[Excerpts from a dataset]

[Start of Attachment]

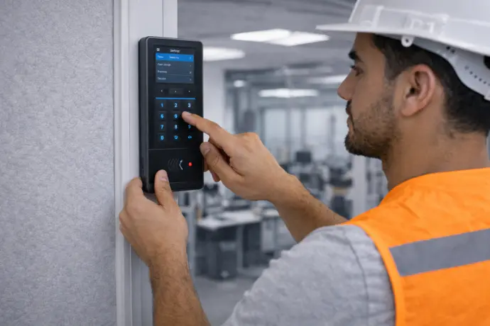 Instalación de lectores biométricos de huella dactilar en puertas, asegurando que solo las personas autorizadas puedan acceder a áreas restringidas. La tecnología biométrica garantiza mayor seguridad que los métodos tradicionales.
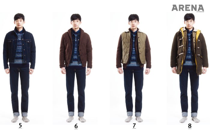 워싱이 들어가지 않은 인디고 컬러 데님 재킷과 팬츠는 한 벌로 입어도 멋스럽고 위에 카디건이나 퀼팅 베스트를 겹쳐 입어도 세련되게 융화된다.
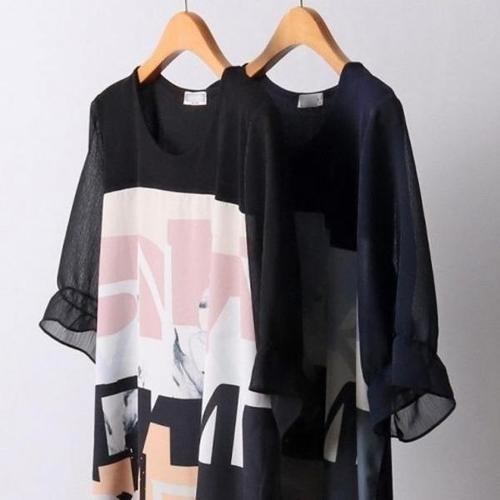 [엄지척]빅사이즈미시옷 쉬폰 반팔티 프린팅 여성큰옷 305I801_19598209_667501
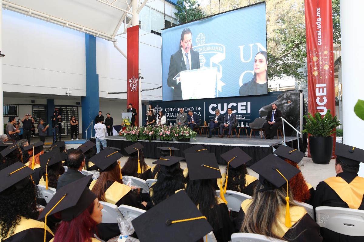 Durante el acto académico de esta generación, realizado este sábado por la mañana en el CUCEI, el Rector de dicho plantel, doctor Marco Antonio Pérez Cisneros, resaltó que este tipo de programas académicos son posibles gracias a la colaboración con Jabil, el compromiso de las y los docentes de este plantel y el trabajo del ITRANS.
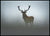 Plakat av en majestetisk kronhjort, i tett tåke.
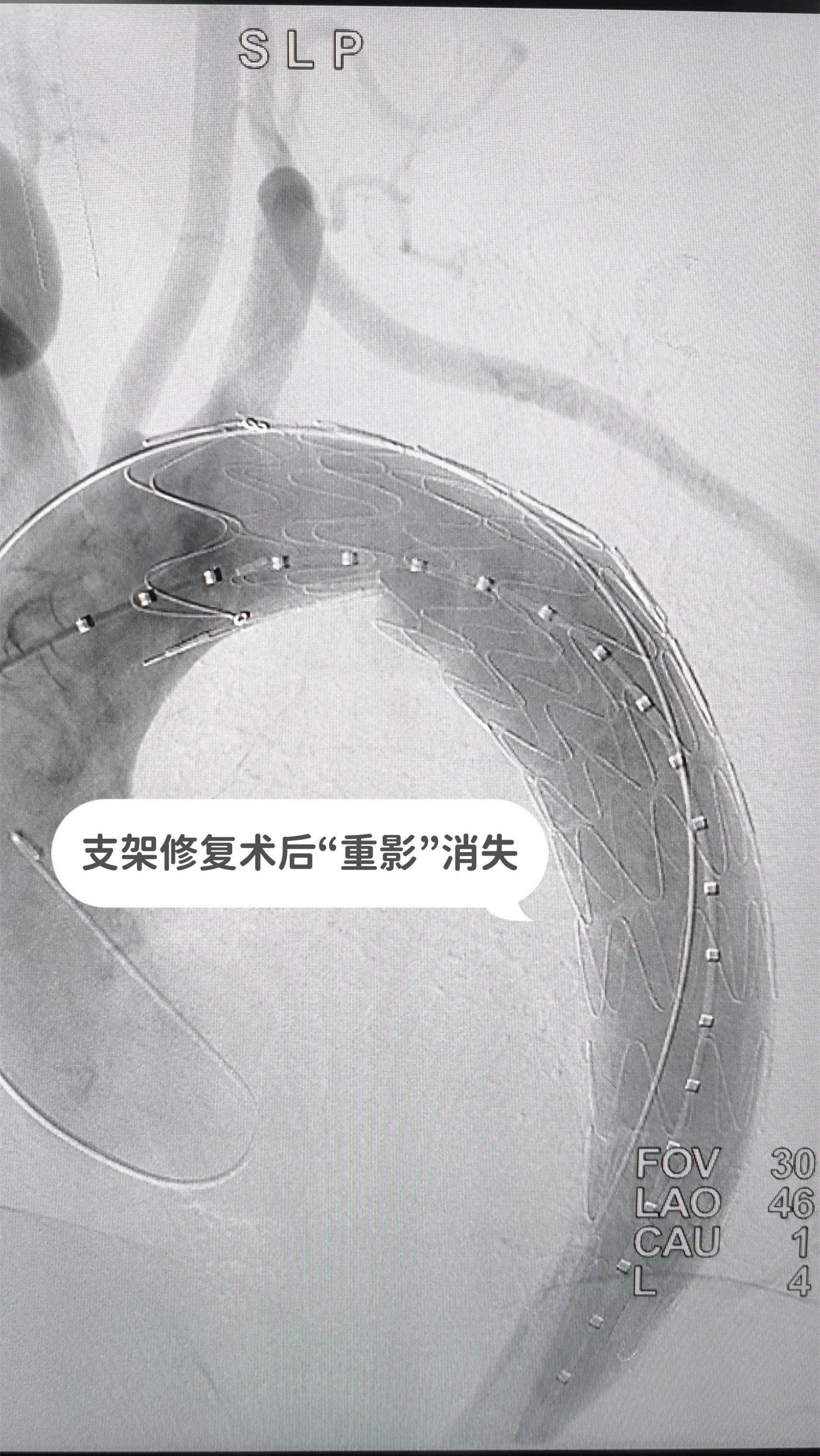 邓先生入院后,测量血压180/90mmHg,经CTA(CT血管造影)等检查,明确诊断为主动脉夹层B型,主动脉被撕开成两半,随时有破裂大出血死亡风险,需手术治疗。经完善手术准备,邓先生接受了全麻下主动脉夹层腔内隔绝术,术中用一枚支架修复主动脉的破口,拆除了随时可能爆炸的“炸弹”。术后邓先生经过康复,已于今日出院。邓先生的家人表示:“以前没听说过血管夹层这种病,没想到普通的一个咳嗽还可能是要命的病,多亏当时医生提醒,才得以及时救治。”
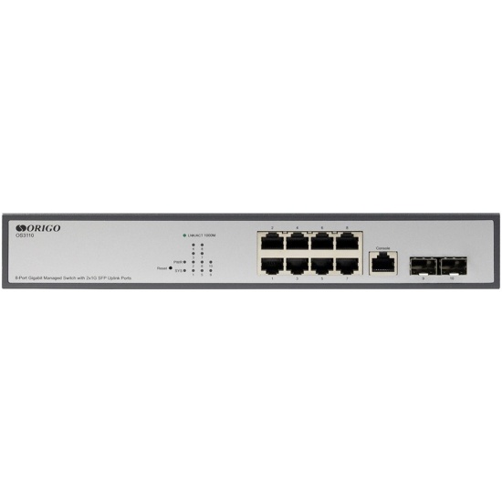 ORIGO OS3110 - это управляемый коммутатор второго уровня (L2) с восемью гигабитными портами RJ-45 и двумя SFP-портами, предназначенными для подключения к оптическим сетям. Данная модель рекомендована для использования в компаниях малого, среднего и крупного бизнеса, которым требуется современное гигабитное решение, обладающее функциями базовой маршрутизации, обеспечения безопасности, контроля доступа, отказоустойчивости, качества обслуживания и сегментации сети с помощью VLAN.
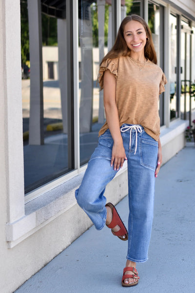 Made from comfort stretch denim, the Vervet Drawstring Barrel Jean features an elastic drawstring waist for a customizable, secure fit. Its wide, tapered leg and ankle length offer a relaxed yet polished look, providing both style and ease throughout your day. Perfect for those seeking denim that supports movement and comfort.

[End of Attachment]

Required action
Nothing but an exact copy of the data, without its images, should make up your answer.

Result below
 Instalación de lectores biométricos de huella dactilar en puertas, asegurando que solo las personas autorizadas puedan acceder a áreas restringidas. La tecnología biométrica garantiza mayor seguridad que los métodos tradicionales.
 워싱이 들어가지 않은 인디고 컬러 데님 재킷과 팬츠는 한 벌로 입어도 멋스럽고 위에 카디건이나 퀼팅 베스트를 겹쳐 입어도 세련되게 융화된다.
 [엄지척]빅사이즈미시옷 쉬폰 반팔티 프린팅 여성큰옷 305I801_19598209_667501
 Durante el acto académico de esta generación, realizado este sábado por la mañana en el CUCEI, el Rector de dicho plantel, doctor Marco Antonio Pérez Cisneros, resaltó que este tipo de programas académicos son posibles gracias a la colaboración con Jabil, el compromiso de las y los docentes de este plantel y el trabajo del ITRANS.
 Plakat av en majestetisk kronhjort, i tett tåke.
 邓先生入院后,测量血压180/90mmHg,经CTA(CT血管造影)等检查,明确诊断为主动脉夹层B型,主动脉被撕开成两半,随时有破裂大出血死亡风险,需手术治疗。经完善手术准备,邓先生接受了全麻下主动脉夹层腔内隔绝术,术中用一枚支架修复主动脉的破口,拆除了随时可能爆炸的“炸弹”。术后邓先生经过康复,已于今日出院。邓先生的家人表示:“以前没听说过血管夹层这种病,没想到普通的一个咳嗽还可能是要命的病,多亏当时医生提醒,才得以及时救治。”
 ORIGO OS3110 - это управляемый коммутатор второго уровня (L2) с восемью гигабитными портами RJ-45 и двумя SFP-портами, предназначенными для подключения к оптическим сетям. Данная модель рекомендована для использования в компаниях малого, среднего и крупного бизнеса, которым требуется современное гигабитное решение, обладающее функциями базовой маршрутизации, обеспечения безопасности, контроля доступа, отказоустойчивости, качества обслуживания и сегментации сети с помощью VLAN.
 Made from comfort stretch denim, the Vervet Drawstring Barrel Jean features an elastic drawstring waist for a customizable, secure fit. Its wide, tapered leg and ankle length offer a relaxed yet polished look, providing both style and ease throughout your day. Perfect for those seeking denim that supports movement and comfort.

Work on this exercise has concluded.